** Opening Information supplied block **

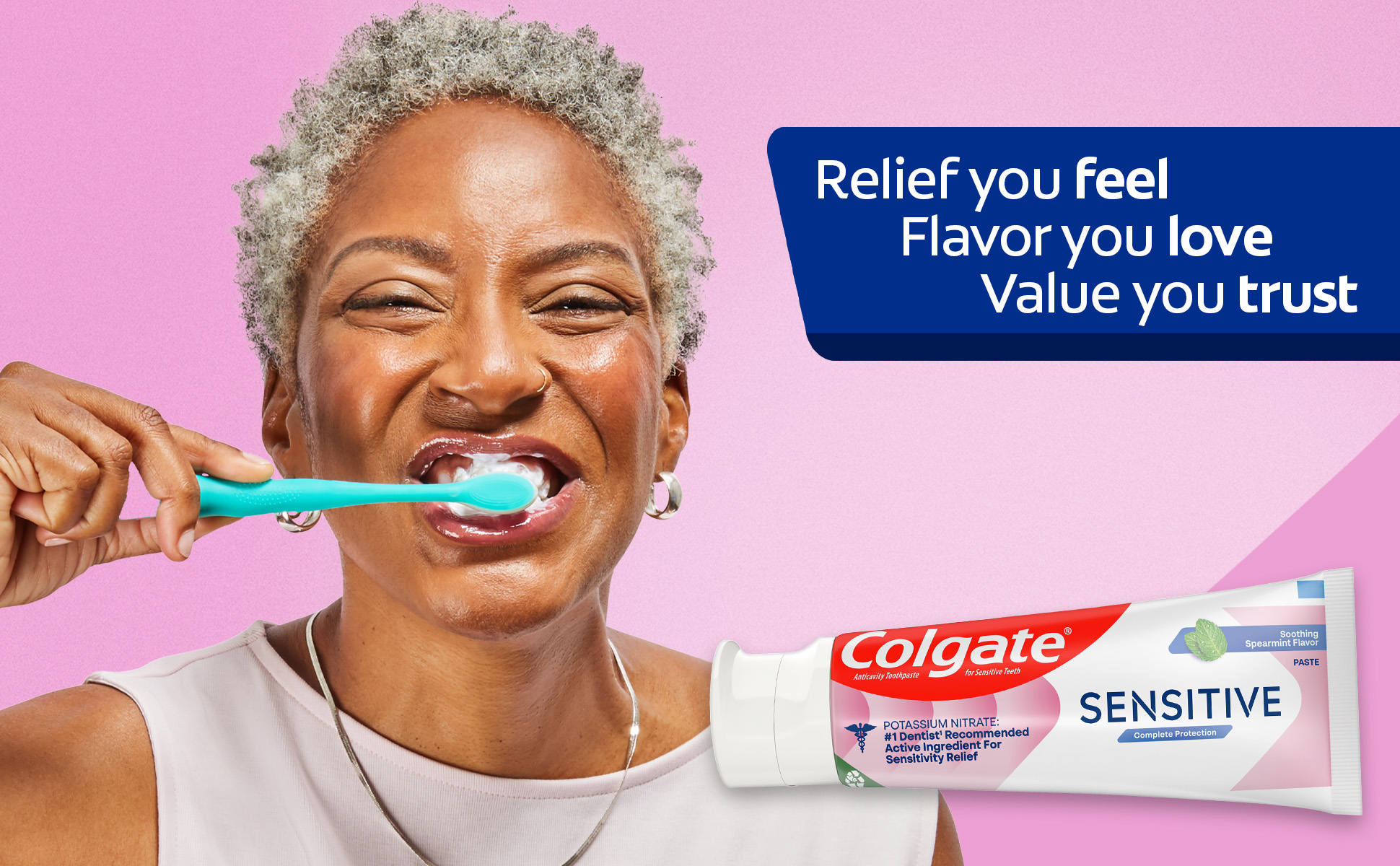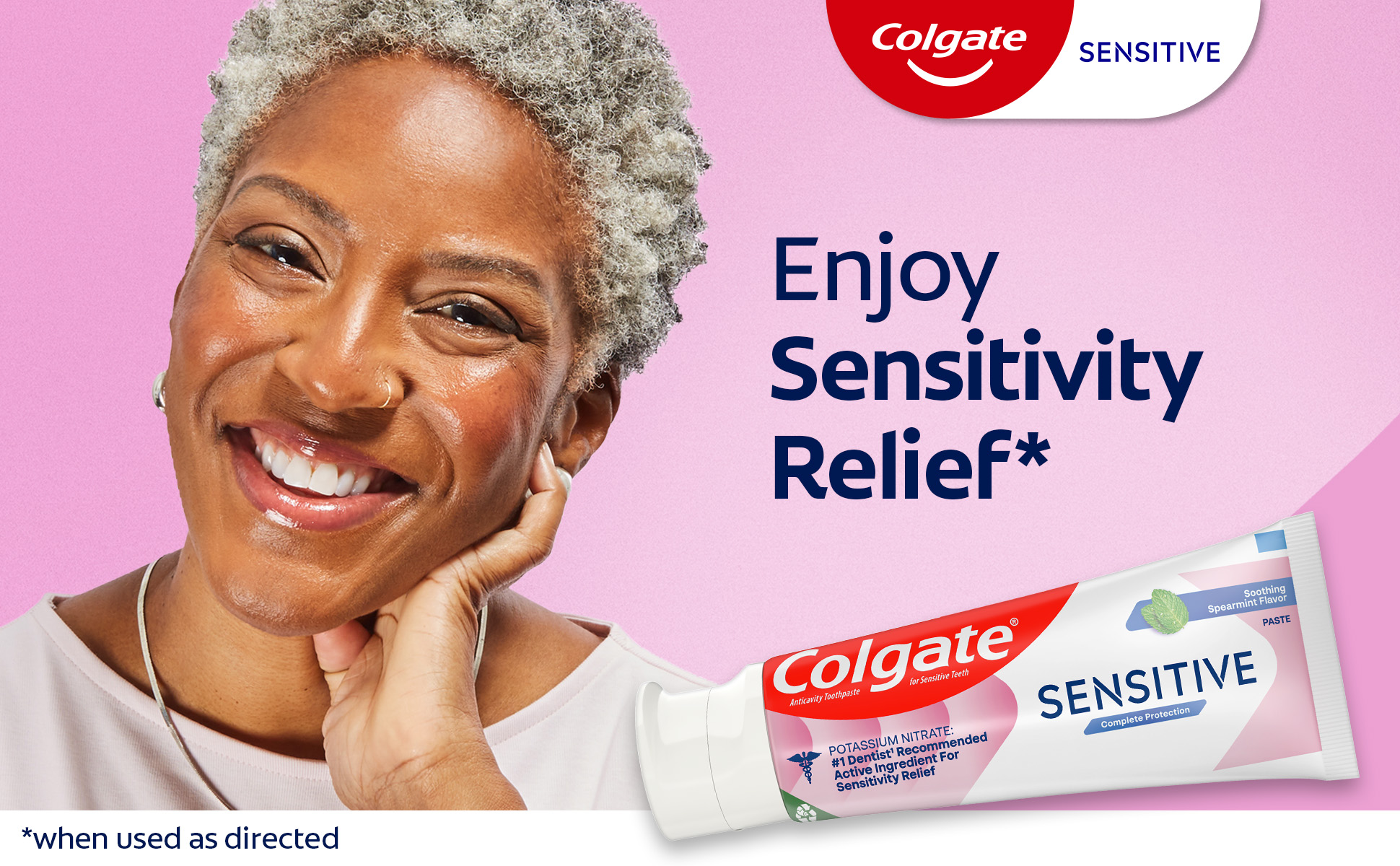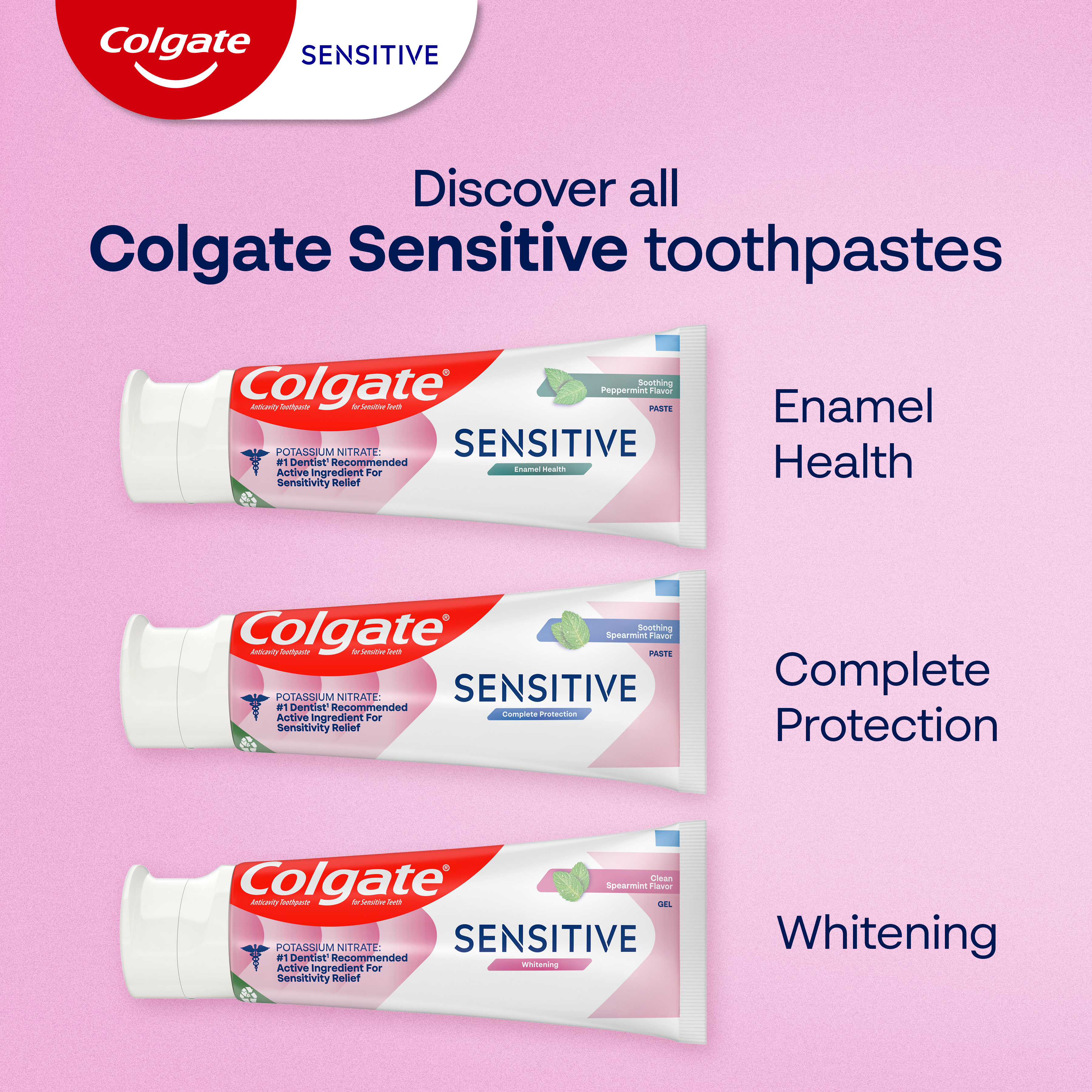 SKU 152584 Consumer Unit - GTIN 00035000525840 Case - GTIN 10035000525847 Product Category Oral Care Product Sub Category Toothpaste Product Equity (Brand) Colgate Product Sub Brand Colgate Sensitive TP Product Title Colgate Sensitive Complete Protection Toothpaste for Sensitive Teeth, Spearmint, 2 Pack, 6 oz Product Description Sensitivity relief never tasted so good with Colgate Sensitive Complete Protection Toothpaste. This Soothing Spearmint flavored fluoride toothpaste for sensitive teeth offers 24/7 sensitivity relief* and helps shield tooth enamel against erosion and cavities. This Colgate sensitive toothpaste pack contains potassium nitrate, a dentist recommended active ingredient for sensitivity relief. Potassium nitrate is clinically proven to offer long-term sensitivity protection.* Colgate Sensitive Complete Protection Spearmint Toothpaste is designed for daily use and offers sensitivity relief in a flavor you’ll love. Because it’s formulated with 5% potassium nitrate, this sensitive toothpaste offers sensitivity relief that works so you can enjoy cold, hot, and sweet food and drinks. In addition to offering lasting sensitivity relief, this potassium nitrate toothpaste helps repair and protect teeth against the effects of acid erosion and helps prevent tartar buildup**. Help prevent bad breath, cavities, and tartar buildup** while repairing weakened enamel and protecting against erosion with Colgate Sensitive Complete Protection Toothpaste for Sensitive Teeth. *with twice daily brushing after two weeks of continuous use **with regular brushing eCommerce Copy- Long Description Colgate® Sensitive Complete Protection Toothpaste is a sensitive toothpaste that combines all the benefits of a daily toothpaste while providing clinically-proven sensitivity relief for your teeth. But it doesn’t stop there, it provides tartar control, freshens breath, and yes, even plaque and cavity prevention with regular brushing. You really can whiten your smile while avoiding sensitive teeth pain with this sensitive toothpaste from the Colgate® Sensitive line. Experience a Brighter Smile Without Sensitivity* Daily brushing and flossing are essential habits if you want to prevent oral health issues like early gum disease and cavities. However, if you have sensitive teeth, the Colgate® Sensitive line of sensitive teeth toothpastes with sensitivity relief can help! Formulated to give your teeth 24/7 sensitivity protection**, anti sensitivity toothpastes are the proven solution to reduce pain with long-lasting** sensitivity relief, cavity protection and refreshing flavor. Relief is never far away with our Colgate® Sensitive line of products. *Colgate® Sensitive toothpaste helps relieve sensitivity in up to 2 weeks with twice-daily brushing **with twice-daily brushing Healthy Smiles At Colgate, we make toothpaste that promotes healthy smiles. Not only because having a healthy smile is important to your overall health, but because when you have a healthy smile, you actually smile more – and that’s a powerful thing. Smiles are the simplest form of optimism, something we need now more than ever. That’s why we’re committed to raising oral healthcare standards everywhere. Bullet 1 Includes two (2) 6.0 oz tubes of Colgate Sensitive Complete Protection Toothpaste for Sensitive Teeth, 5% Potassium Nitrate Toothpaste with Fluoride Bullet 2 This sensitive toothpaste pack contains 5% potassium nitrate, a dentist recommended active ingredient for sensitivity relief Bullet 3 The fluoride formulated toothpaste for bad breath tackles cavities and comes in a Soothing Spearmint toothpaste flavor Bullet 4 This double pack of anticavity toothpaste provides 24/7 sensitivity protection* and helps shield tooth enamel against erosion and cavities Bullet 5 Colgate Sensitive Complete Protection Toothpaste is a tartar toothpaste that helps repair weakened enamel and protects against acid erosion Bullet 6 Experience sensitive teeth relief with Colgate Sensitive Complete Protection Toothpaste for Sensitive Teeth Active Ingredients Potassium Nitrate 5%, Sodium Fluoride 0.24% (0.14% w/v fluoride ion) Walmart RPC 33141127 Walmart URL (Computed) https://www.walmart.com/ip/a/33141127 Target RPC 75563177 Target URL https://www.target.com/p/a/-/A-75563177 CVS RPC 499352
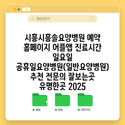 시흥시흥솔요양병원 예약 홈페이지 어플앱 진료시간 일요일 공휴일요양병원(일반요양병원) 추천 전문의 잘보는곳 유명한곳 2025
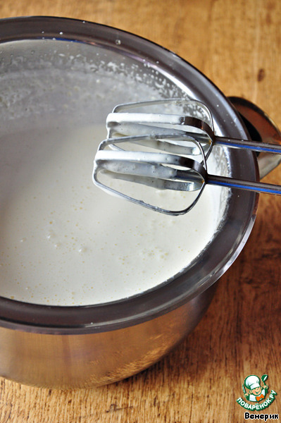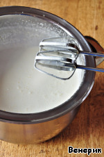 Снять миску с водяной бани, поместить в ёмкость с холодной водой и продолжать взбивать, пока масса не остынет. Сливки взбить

** Closing Information supplied block **

**What you need to do**.
All of the data must be repeated exactly, except for the pictures.

**Result**.
 SKU 152584 Consumer Unit - GTIN 00035000525840 Case - GTIN 10035000525847 Product Category Oral Care Product Sub Category Toothpaste Product Equity (Brand) Colgate Product Sub Brand Colgate Sensitive TP Product Title Colgate Sensitive Complete Protection Toothpaste for Sensitive Teeth, Spearmint, 2 Pack, 6 oz Product Description Sensitivity relief never tasted so good with Colgate Sensitive Complete Protection Toothpaste. This Soothing Spearmint flavored fluoride toothpaste for sensitive teeth offers 24/7 sensitivity relief* and helps shield tooth enamel against erosion and cavities. This Colgate sensitive toothpaste pack contains potassium nitrate, a dentist recommended active ingredient for sensitivity relief. Potassium nitrate is clinically proven to offer long-term sensitivity protection.* Colgate Sensitive Complete Protection Spearmint Toothpaste is designed for daily use and offers sensitivity relief in a flavor you’ll love. Because it’s formulated with 5% potassium nitrate, this sensitive toothpaste offers sensitivity relief that works so you can enjoy cold, hot, and sweet food and drinks. In addition to offering lasting sensitivity relief, this potassium nitrate toothpaste helps repair and protect teeth against the effects of acid erosion and helps prevent tartar buildup**. Help prevent bad breath, cavities, and tartar buildup** while repairing weakened enamel and protecting against erosion with Colgate Sensitive Complete Protection Toothpaste for Sensitive Teeth. *with twice daily brushing after two weeks of continuous use **with regular brushing eCommerce Copy- Long Description Colgate® Sensitive Complete Protection Toothpaste is a sensitive toothpaste that combines all the benefits of a daily toothpaste while providing clinically-proven sensitivity relief for your teeth. But it doesn’t stop there, it provides tartar control, freshens breath, and yes, even plaque and cavity prevention with regular brushing. You really can whiten your smile while avoiding sensitive teeth pain with this sensitive toothpaste from the Colgate® Sensitive line. Experience a Brighter Smile Without Sensitivity* Daily brushing and flossing are essential habits if you want to prevent oral health issues like early gum disease and cavities. However, if you have sensitive teeth, the Colgate® Sensitive line of sensitive teeth toothpastes with sensitivity relief can help! Formulated to give your teeth 24/7 sensitivity protection**, anti sensitivity toothpastes are the proven solution to reduce pain with long-lasting** sensitivity relief, cavity protection and refreshing flavor. Relief is never far away with our Colgate® Sensitive line of products. *Colgate® Sensitive toothpaste helps relieve sensitivity in up to 2 weeks with twice-daily brushing **with twice-daily brushing Healthy Smiles At Colgate, we make toothpaste that promotes healthy smiles. Not only because having a healthy smile is important to your overall health, but because when you have a healthy smile, you actually smile more – and that’s a powerful thing. Smiles are the simplest form of optimism, something we need now more than ever. That’s why we’re committed to raising oral healthcare standards everywhere. Bullet 1 Includes two (2) 6.0 oz tubes of Colgate Sensitive Complete Protection Toothpaste for Sensitive Teeth, 5% Potassium Nitrate Toothpaste with Fluoride Bullet 2 This sensitive toothpaste pack contains 5% potassium nitrate, a dentist recommended active ingredient for sensitivity relief Bullet 3 The fluoride formulated toothpaste for bad breath tackles cavities and comes in a Soothing Spearmint toothpaste flavor Bullet 4 This double pack of anticavity toothpaste provides 24/7 sensitivity protection* and helps shield tooth enamel against erosion and cavities Bullet 5 Colgate Sensitive Complete Protection Toothpaste is a tartar toothpaste that helps repair weakened enamel and protects against acid erosion Bullet 6 Experience sensitive teeth relief with Colgate Sensitive Complete Protection Toothpaste for Sensitive Teeth Active Ingredients Potassium Nitrate 5%, Sodium Fluoride 0.24% (0.14% w/v fluoride ion) Walmart RPC 33141127 Walmart URL (Computed) https://www.walmart.com/ip/a/33141127 Target RPC 75563177 Target URL https://www.target.com/p/a/-/A-75563177 CVS RPC 499352
 시흥시흥솔요양병원 예약 홈페이지 어플앱 진료시간 일요일 공휴일요양병원(일반요양병원) 추천 전문의 잘보는곳 유명한곳 2025
 Снять миску с водяной бани, поместить в ёмкость с холодной водой и продолжать взбивать, пока масса не остынет. Сливки взбить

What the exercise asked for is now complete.